[Dataset items]
----
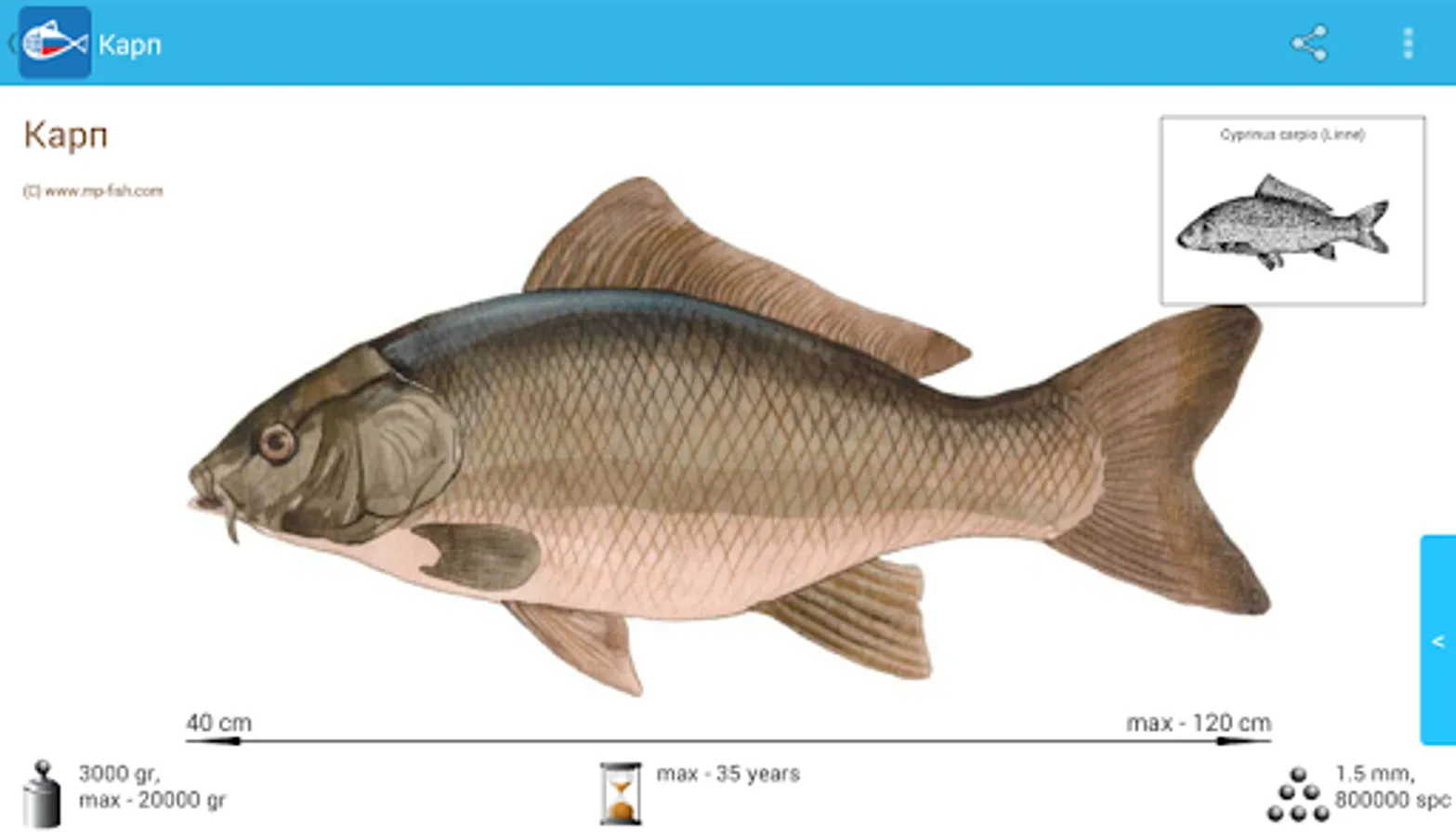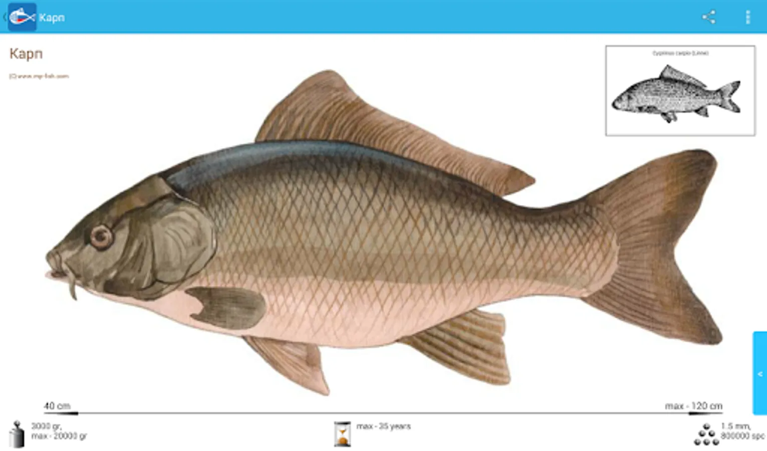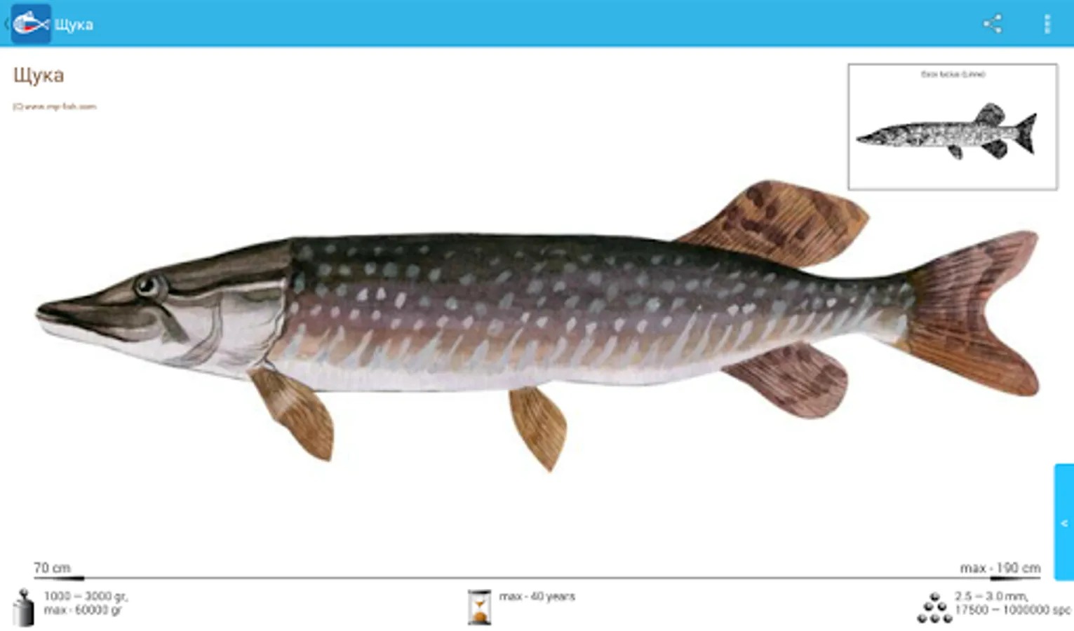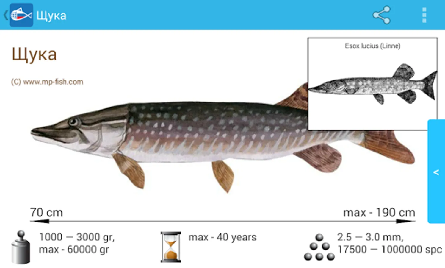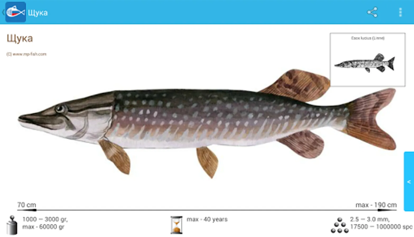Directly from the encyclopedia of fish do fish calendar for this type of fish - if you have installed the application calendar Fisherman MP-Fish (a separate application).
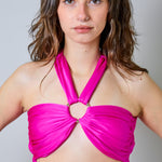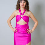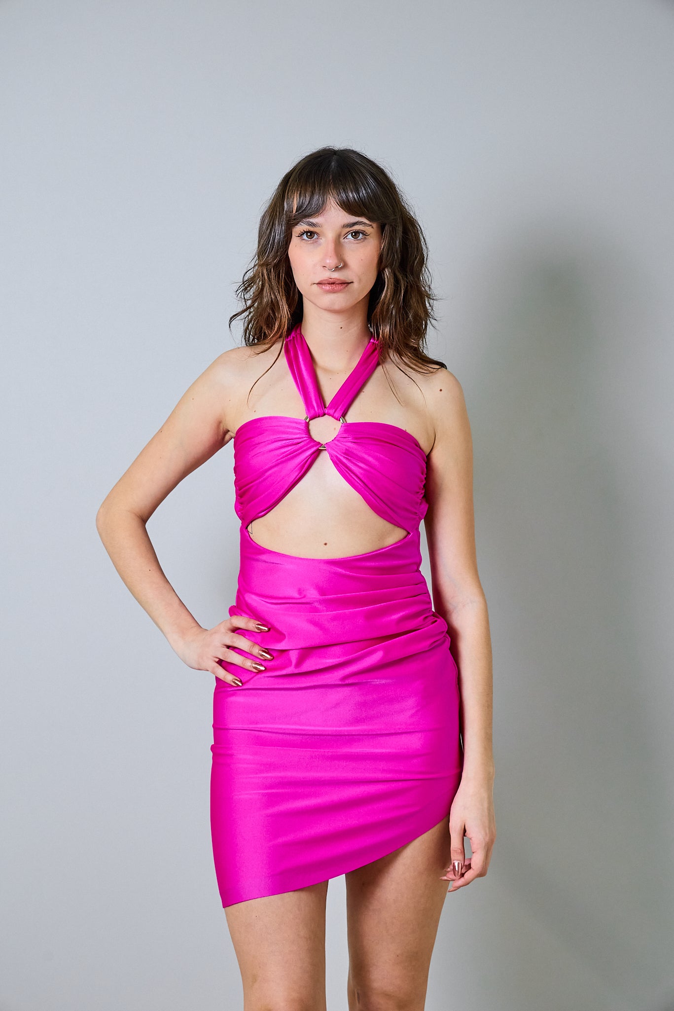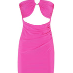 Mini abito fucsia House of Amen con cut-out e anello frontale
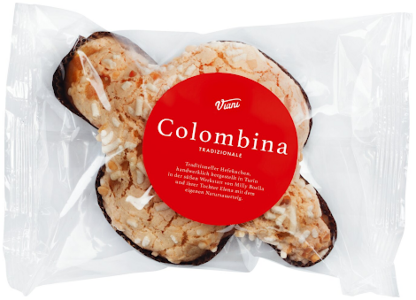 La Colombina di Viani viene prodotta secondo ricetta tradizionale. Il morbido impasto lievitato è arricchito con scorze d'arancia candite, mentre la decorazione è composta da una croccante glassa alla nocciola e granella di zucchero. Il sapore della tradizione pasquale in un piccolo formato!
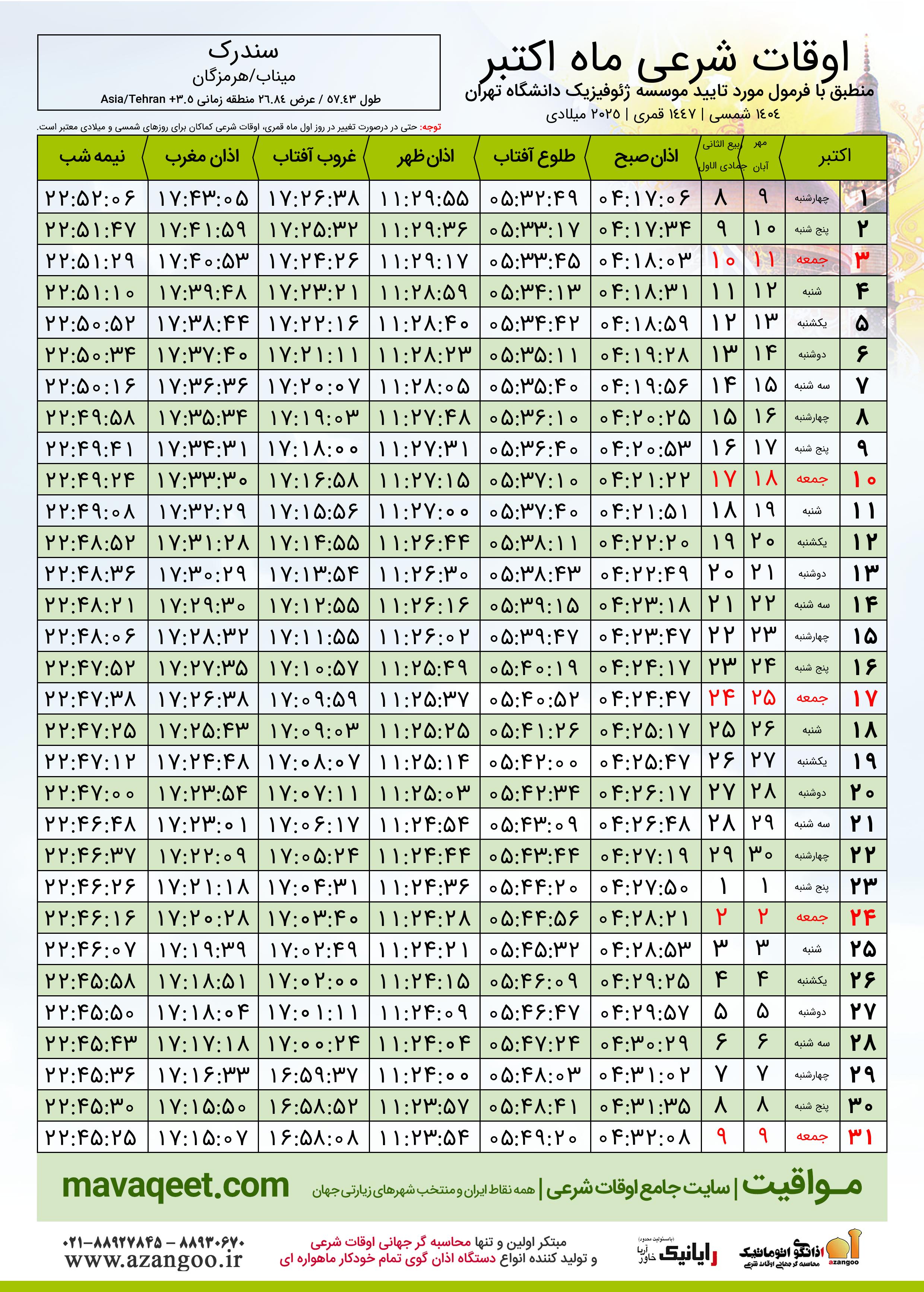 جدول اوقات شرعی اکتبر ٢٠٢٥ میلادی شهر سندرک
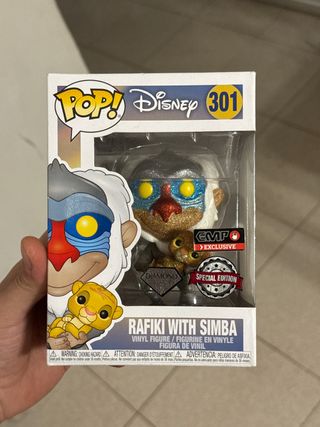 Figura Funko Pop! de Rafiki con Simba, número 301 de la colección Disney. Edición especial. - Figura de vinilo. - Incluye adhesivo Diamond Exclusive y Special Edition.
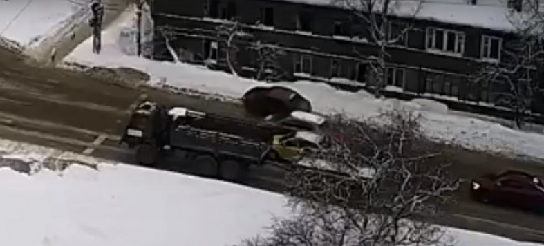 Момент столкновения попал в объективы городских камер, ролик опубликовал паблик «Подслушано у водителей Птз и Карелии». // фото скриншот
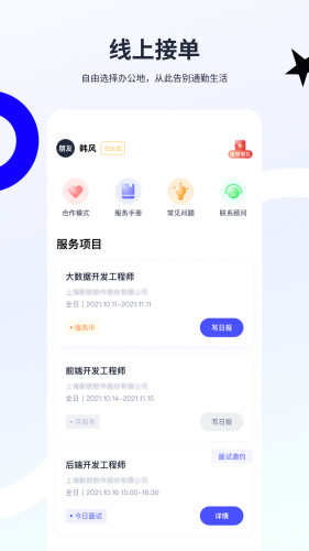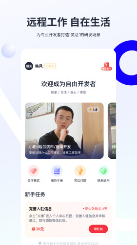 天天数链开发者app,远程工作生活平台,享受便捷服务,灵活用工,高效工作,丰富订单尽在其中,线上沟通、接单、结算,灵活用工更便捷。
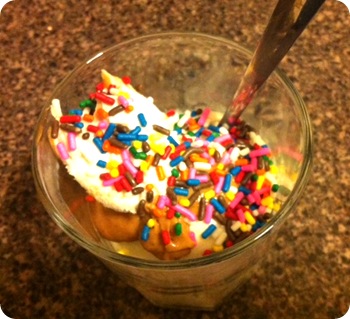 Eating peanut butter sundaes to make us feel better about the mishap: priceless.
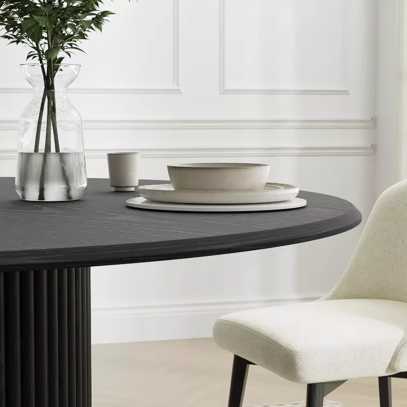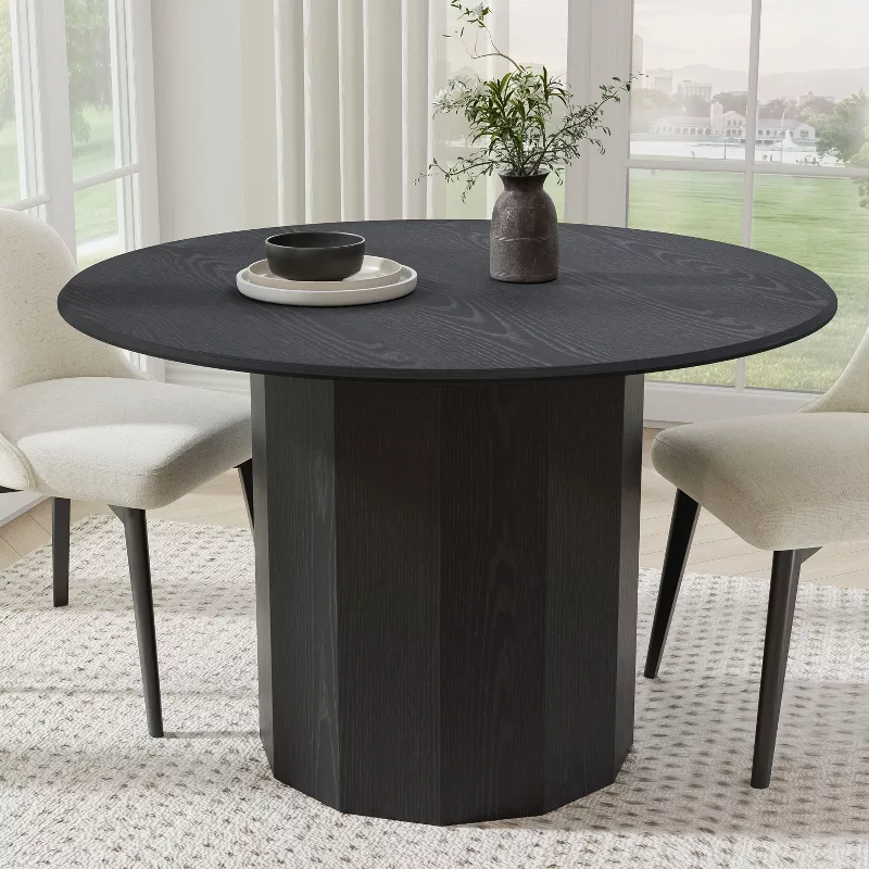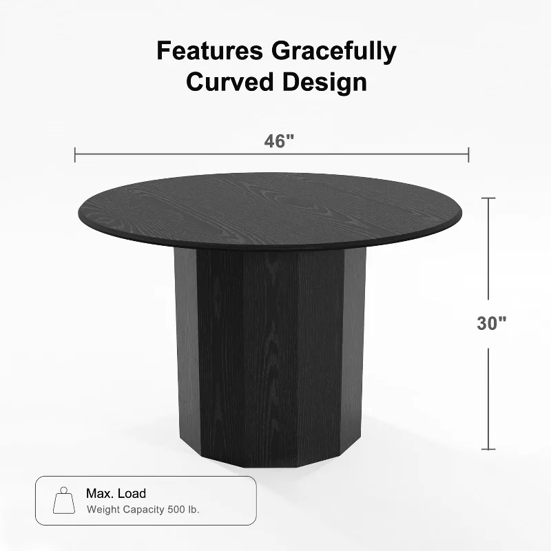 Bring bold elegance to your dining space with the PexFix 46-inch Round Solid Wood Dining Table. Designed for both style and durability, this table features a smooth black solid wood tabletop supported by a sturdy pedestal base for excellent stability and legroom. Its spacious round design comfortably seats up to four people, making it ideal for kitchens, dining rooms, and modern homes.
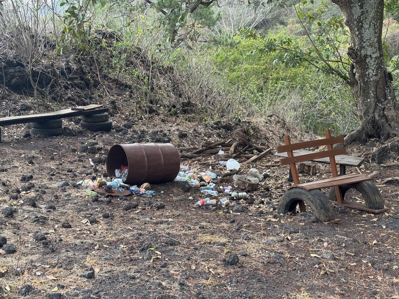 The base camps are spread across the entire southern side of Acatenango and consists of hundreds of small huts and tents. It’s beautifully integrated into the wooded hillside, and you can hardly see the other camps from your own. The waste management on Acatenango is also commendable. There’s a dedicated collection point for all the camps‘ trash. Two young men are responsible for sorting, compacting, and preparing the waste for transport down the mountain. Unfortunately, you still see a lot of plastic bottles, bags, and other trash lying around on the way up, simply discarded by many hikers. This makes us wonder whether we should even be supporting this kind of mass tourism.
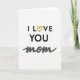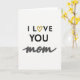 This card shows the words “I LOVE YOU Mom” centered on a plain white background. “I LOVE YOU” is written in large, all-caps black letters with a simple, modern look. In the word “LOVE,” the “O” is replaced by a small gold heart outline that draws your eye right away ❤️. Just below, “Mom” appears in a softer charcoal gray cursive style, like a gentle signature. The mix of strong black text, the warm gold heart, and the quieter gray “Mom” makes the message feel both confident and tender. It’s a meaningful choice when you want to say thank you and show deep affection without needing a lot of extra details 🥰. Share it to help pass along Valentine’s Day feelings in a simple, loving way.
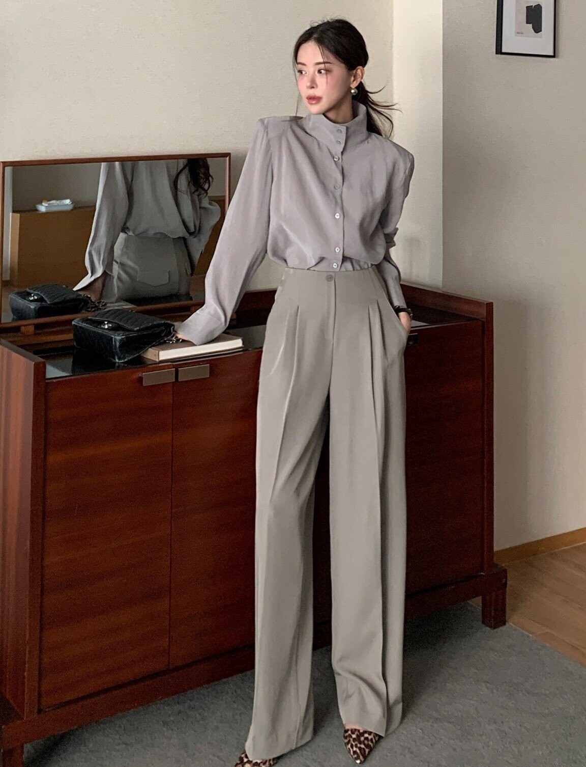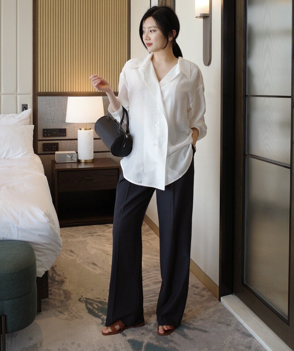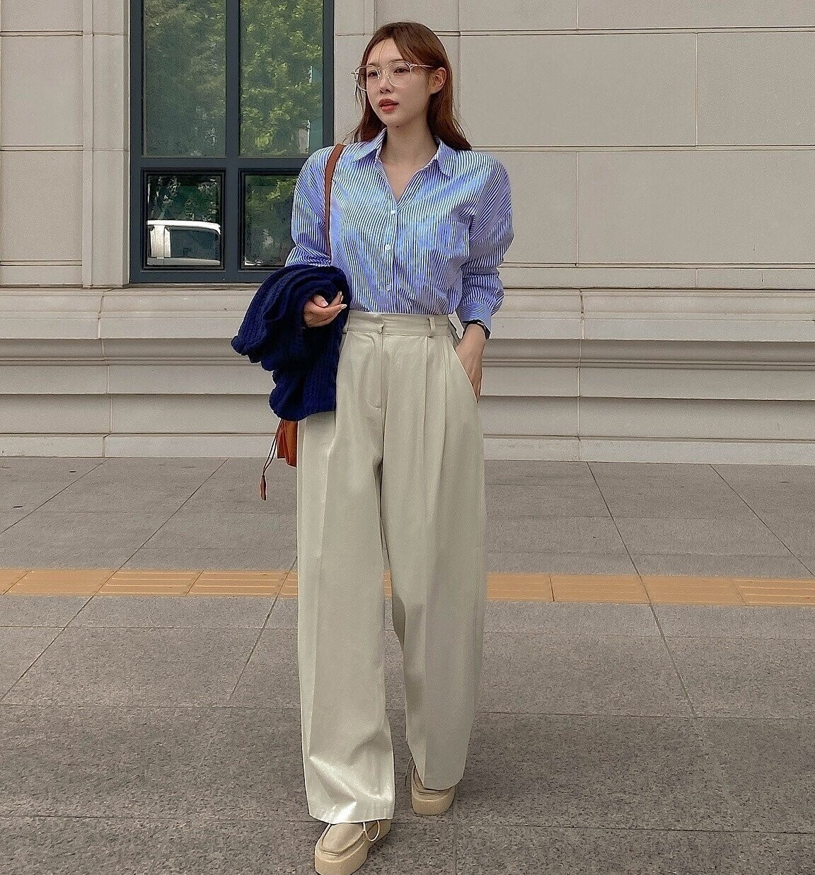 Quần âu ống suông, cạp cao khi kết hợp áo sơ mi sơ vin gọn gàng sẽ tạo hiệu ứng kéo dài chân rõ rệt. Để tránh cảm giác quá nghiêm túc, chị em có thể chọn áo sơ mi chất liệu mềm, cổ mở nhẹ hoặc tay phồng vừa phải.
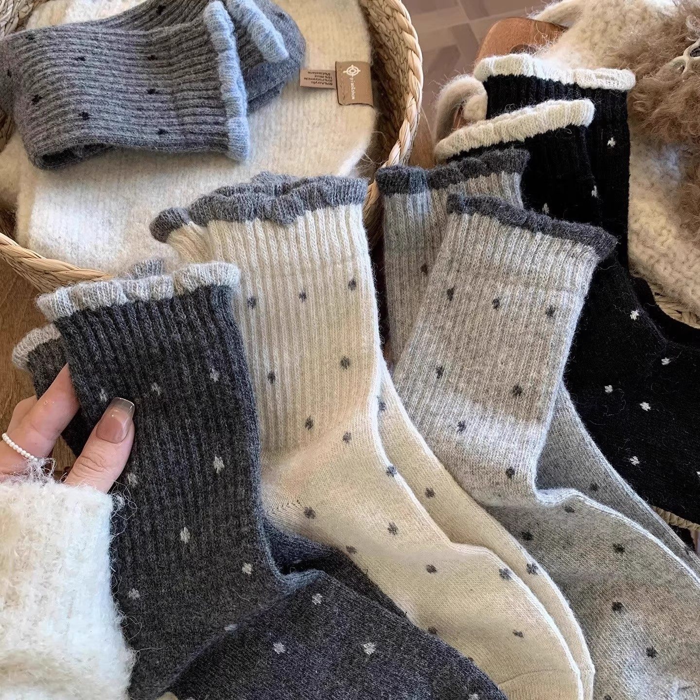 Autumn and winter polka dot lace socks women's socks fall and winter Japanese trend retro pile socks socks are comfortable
----
-- PROBLEM STATEMENT --
The first line of the entries, the line containing "جدول اوقات شرعی اکتبر ٢٠٢٥ میلادی شهر سندرک", and every line between them are to be output exactly; pictures are not.

-- ANSWER SPACE --
Directly from the encyclopedia of fish do fish calendar for this type of fish - if you have installed the application calendar Fisherman MP-Fish (a separate application).
 Mini abito fucsia House of Amen con cut-out e anello frontale
 La Colombina di Viani viene prodotta secondo ricetta tradizionale. Il morbido impasto lievitato è arricchito con scorze d'arancia candite, mentre la decorazione è composta da una croccante glassa alla nocciola e granella di zucchero. Il sapore della tradizione pasquale in un piccolo formato!
 جدول اوقات شرعی اکتبر ٢٠٢٥ میلادی شهر سندرک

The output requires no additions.